I would like the lines below, from the one with "Digital Sheet Music" through the one with "A scientist wearing", copied exactly and without any pictures.

## DATA FOR REVIEW
◇ ◇ ◇ ◇ ◇ ◇ ◇

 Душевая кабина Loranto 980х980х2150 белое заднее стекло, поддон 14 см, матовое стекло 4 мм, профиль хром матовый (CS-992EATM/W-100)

◇ ◇ ◇ ◇ ◇ ◇ ◇

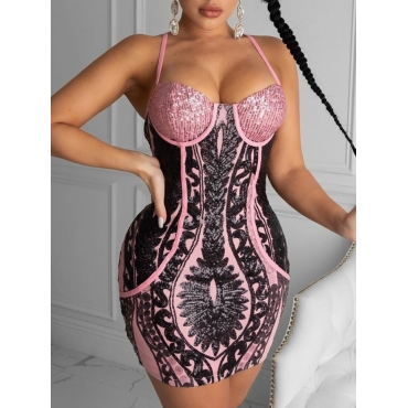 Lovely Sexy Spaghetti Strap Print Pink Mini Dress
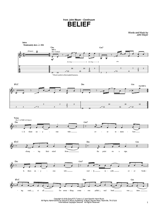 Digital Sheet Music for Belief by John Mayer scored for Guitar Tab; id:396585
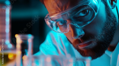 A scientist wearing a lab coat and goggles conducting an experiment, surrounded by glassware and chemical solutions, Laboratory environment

◇ ◇ ◇ ◇ ◇ ◇ ◇

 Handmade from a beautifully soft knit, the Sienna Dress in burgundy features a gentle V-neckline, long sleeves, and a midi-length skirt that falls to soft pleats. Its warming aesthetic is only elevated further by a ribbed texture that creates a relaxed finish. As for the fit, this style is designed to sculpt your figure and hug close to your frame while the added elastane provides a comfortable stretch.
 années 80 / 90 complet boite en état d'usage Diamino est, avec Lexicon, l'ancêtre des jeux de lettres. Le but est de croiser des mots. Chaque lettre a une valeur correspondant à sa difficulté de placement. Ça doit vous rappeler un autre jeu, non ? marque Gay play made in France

◇ ◇ ◇ ◇ ◇ ◇ ◇

## YOUR SOLUTION
 Digital Sheet Music for Belief by John Mayer scored for Guitar Tab; id:396585
 A scientist wearing a lab coat and goggles conducting an experiment, surrounded by glassware and chemical solutions, Laboratory environment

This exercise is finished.